The lines below must be transcribed exactly as given, with the images removed.

### [DATA FOR THIS EXERCISE]
*****

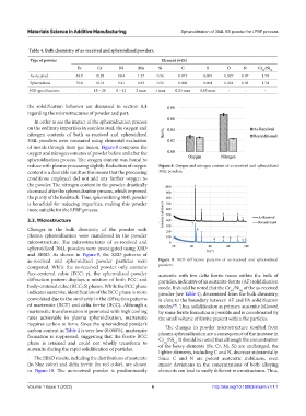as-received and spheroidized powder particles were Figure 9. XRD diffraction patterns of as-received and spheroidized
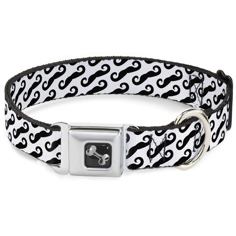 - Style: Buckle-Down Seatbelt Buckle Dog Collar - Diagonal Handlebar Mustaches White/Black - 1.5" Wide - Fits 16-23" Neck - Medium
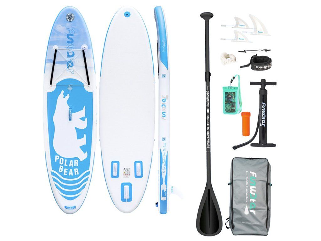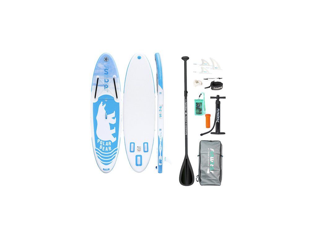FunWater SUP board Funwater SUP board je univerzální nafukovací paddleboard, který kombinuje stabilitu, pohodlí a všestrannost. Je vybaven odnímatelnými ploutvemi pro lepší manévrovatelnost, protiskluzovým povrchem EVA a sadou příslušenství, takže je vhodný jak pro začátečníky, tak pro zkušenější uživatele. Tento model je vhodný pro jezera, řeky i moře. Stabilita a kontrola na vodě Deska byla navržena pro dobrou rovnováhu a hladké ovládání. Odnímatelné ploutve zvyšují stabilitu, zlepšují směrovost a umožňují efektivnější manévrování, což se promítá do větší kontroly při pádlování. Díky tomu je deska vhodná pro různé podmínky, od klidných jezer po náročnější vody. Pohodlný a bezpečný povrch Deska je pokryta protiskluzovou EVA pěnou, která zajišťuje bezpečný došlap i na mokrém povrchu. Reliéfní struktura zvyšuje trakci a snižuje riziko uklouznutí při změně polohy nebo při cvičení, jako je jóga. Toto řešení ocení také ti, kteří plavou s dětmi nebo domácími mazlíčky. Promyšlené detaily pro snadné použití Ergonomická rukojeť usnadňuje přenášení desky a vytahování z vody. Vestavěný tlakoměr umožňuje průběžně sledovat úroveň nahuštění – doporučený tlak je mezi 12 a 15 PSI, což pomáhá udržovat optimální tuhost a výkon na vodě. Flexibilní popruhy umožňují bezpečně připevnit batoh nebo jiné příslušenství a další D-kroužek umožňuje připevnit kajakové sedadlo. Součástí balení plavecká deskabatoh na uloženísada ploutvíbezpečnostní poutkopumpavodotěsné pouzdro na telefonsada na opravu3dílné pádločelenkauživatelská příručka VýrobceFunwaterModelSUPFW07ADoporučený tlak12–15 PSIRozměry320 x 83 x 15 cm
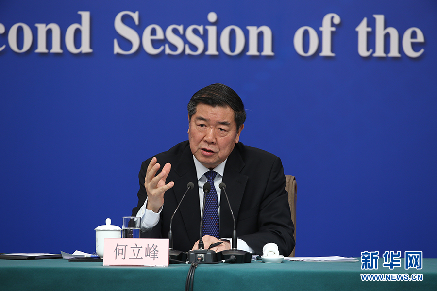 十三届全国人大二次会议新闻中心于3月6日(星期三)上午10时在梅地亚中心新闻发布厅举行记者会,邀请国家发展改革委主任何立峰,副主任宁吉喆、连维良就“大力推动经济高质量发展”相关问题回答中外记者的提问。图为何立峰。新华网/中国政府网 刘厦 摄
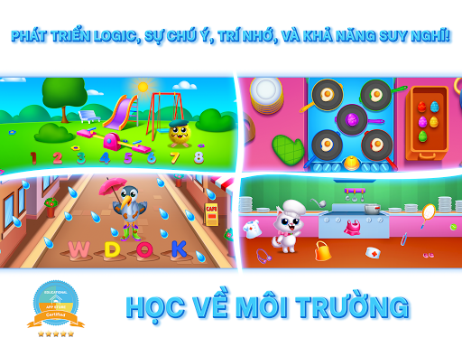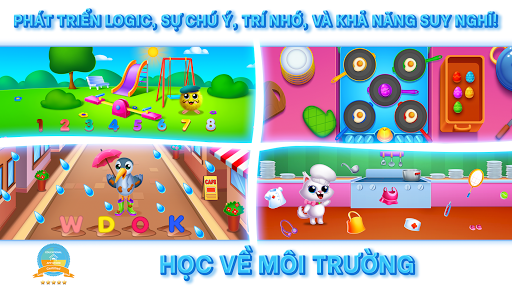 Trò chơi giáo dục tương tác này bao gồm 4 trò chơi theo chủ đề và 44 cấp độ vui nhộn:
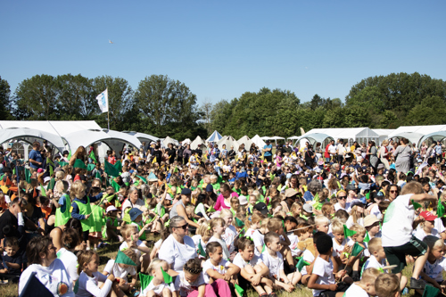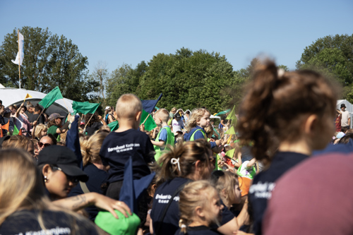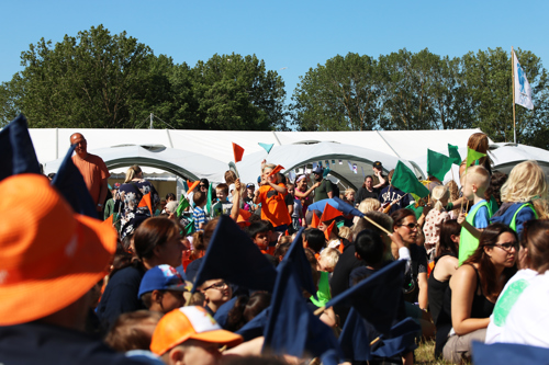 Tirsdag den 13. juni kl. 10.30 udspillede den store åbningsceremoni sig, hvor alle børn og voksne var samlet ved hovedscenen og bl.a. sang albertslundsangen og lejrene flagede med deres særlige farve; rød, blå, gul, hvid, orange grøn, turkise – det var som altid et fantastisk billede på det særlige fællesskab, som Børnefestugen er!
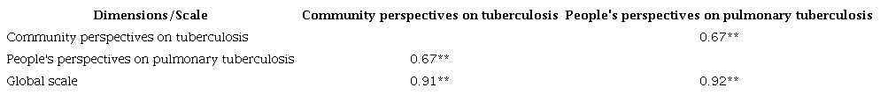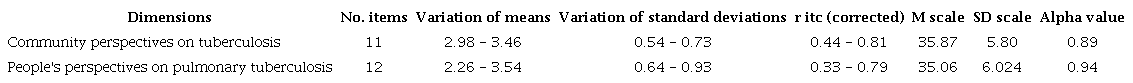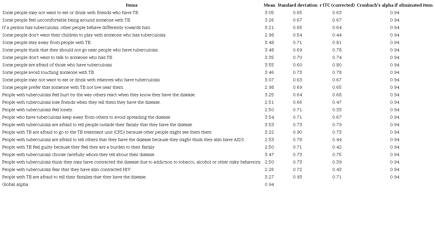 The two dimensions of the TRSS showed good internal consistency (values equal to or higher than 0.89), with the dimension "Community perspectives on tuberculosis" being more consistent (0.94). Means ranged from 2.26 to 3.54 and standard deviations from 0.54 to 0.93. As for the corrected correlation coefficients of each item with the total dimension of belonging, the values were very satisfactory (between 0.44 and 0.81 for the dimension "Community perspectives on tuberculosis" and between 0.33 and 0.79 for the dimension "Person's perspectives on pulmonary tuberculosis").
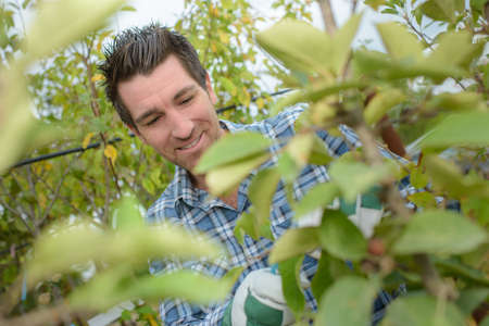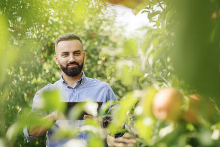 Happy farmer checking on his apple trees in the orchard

*****

### [RESULT OF THIS EXERCISE]
as-received and spheroidized powder particles were Figure 9. XRD diffraction patterns of as-received and spheroidized
 - Style: Buckle-Down Seatbelt Buckle Dog Collar - Diagonal Handlebar Mustaches White/Black - 1.5" Wide - Fits 16-23" Neck - Medium
FunWater SUP board Funwater SUP board je univerzální nafukovací paddleboard, který kombinuje stabilitu, pohodlí a všestrannost. Je vybaven odnímatelnými ploutvemi pro lepší manévrovatelnost, protiskluzovým povrchem EVA a sadou příslušenství, takže je vhodný jak pro začátečníky, tak pro zkušenější uživatele. Tento model je vhodný pro jezera, řeky i moře. Stabilita a kontrola na vodě Deska byla navržena pro dobrou rovnováhu a hladké ovládání. Odnímatelné ploutve zvyšují stabilitu, zlepšují směrovost a umožňují efektivnější manévrování, což se promítá do větší kontroly při pádlování. Díky tomu je deska vhodná pro různé podmínky, od klidných jezer po náročnější vody. Pohodlný a bezpečný povrch Deska je pokryta protiskluzovou EVA pěnou, která zajišťuje bezpečný došlap i na mokrém povrchu. Reliéfní struktura zvyšuje trakci a snižuje riziko uklouznutí při změně polohy nebo při cvičení, jako je jóga. Toto řešení ocení také ti, kteří plavou s dětmi nebo domácími mazlíčky. Promyšlené detaily pro snadné použití Ergonomická rukojeť usnadňuje přenášení desky a vytahování z vody. Vestavěný tlakoměr umožňuje průběžně sledovat úroveň nahuštění – doporučený tlak je mezi 12 a 15 PSI, což pomáhá udržovat optimální tuhost a výkon na vodě. Flexibilní popruhy umožňují bezpečně připevnit batoh nebo jiné příslušenství a další D-kroužek umožňuje připevnit kajakové sedadlo. Součástí balení plavecká deskabatoh na uloženísada ploutvíbezpečnostní poutkopumpavodotěsné pouzdro na telefonsada na opravu3dílné pádločelenkauživatelská příručka VýrobceFunwaterModelSUPFW07ADoporučený tlak12–15 PSIRozměry320 x 83 x 15 cm
 十三届全国人大二次会议新闻中心于3月6日(星期三)上午10时在梅地亚中心新闻发布厅举行记者会,邀请国家发展改革委主任何立峰,副主任宁吉喆、连维良就“大力推动经济高质量发展”相关问题回答中外记者的提问。图为何立峰。新华网/中国政府网 刘厦 摄
 Trò chơi giáo dục tương tác này bao gồm 4 trò chơi theo chủ đề và 44 cấp độ vui nhộn:
 Tirsdag den 13. juni kl. 10.30 udspillede den store åbningsceremoni sig, hvor alle børn og voksne var samlet ved hovedscenen og bl.a. sang albertslundsangen og lejrene flagede med deres særlige farve; rød, blå, gul, hvid, orange grøn, turkise – det var som altid et fantastisk billede på det særlige fællesskab, som Børnefestugen er!
 The two dimensions of the TRSS showed good internal consistency (values equal to or higher than 0.89), with the dimension "Community perspectives on tuberculosis" being more consistent (0.94). Means ranged from 2.26 to 3.54 and standard deviations from 0.54 to 0.93. As for the corrected correlation coefficients of each item with the total dimension of belonging, the values were very satisfactory (between 0.44 and 0.81 for the dimension "Community perspectives on tuberculosis" and between 0.33 and 0.79 for the dimension "Person's perspectives on pulmonary tuberculosis").
 Happy farmer checking on his apple trees in the orchard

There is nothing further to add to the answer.